GE Selmer plant is an appliance manufacturing plant in Selmer, Tennessee, owned by GE Appliances, formerly a division of General Electric.

==History==
The plant was opened in 1986 as Monogram Refrigeration LLC.

In 2013, GE announced a $20 million upgrade at the Selmer, Tennessee, Monogram Refrigeration plant to launch a new French door built-in refrigerator platform.
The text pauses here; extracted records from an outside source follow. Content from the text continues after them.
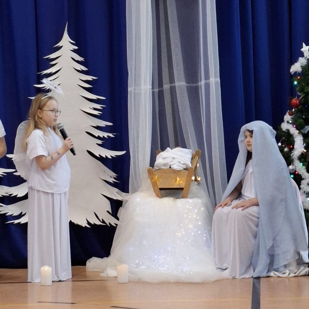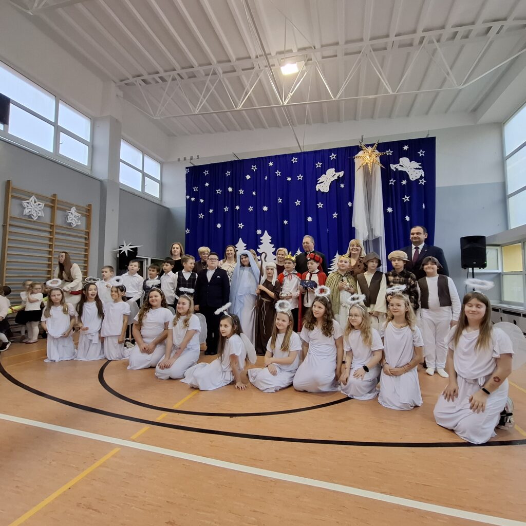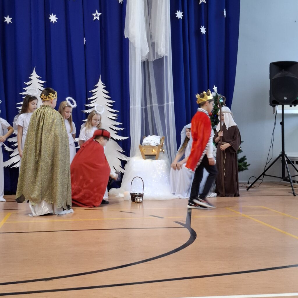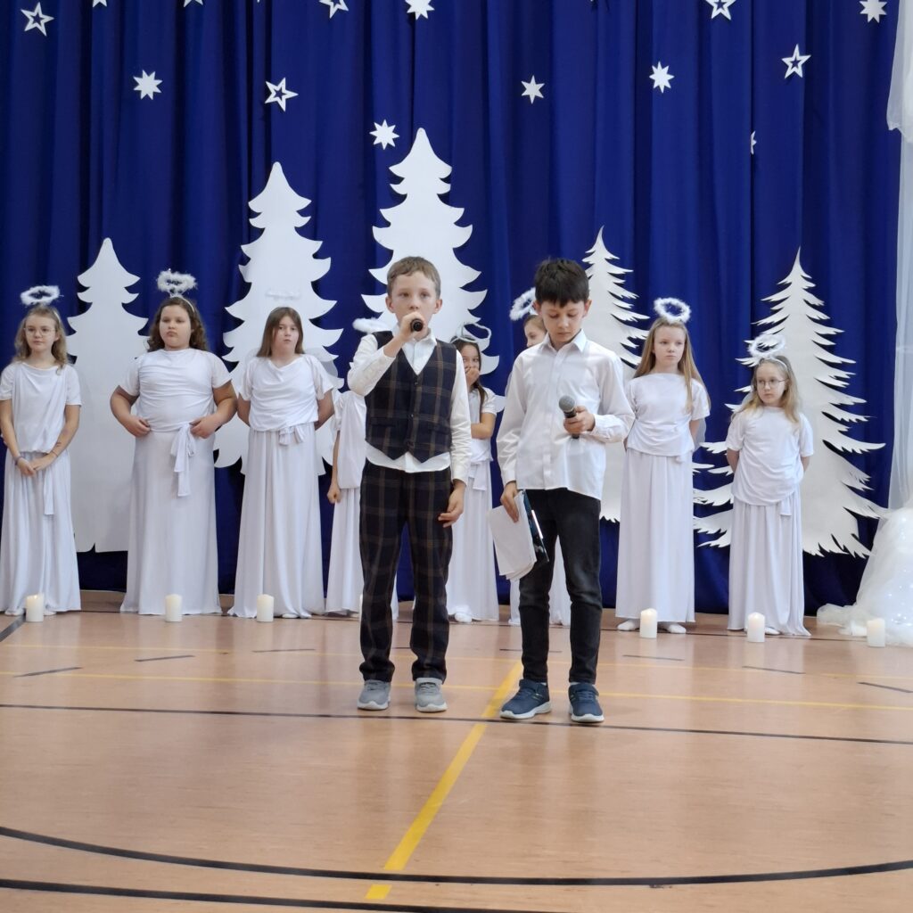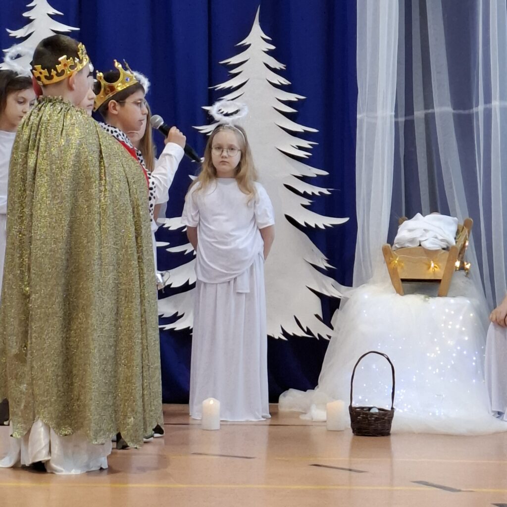 Klasy trzecie, pod czujną opieką wychowawców p. Żanety Chaberskiej i p. Małgorzaty Dudzińskiej przygotowały wyjątkowy apel szkolny – Jasełka w przepięknym, świątecznym klimacie.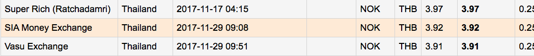 Da hadde Krung Thai bank og UOB Bank beste kurs på TT overføring denne gangen.
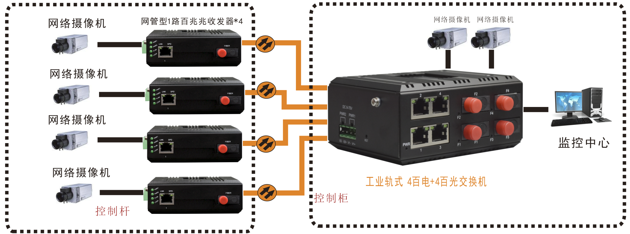 ◆ 提供4路百兆以太网电口,4个百兆以太光接口;

The upgrade included retooling assembly lines and installing new metal stamping and welding equipment to insource more parts.

In August 2017, GE Appliances announced a $9.3 million investment to add a 120,000-square-foot facility expansion, two new assembly lines, and shift production of Zoneline PTACs from Appliance Park, create approximately 210 new jobs, effectively doubling the workforce at the plant.

In 2021, GE Applainces invested $5 million to move production of Zoneline vertical terminal air conditioners (VTACs) from Mexico back to the United States. This investment added a fifth assembly line, creating 33 new jobs and increasing the plant's total workforce to 465 employees.

In August 2023, GE Appliances invested $34 million to expand its Monogram Refrigeration plant in Selmer, Tennessee. The upgrade added new fabrication equipment and an assembly line for premium bottom-freezer refrigerators, doubling the capacity of Building Two and creating 150 jobs.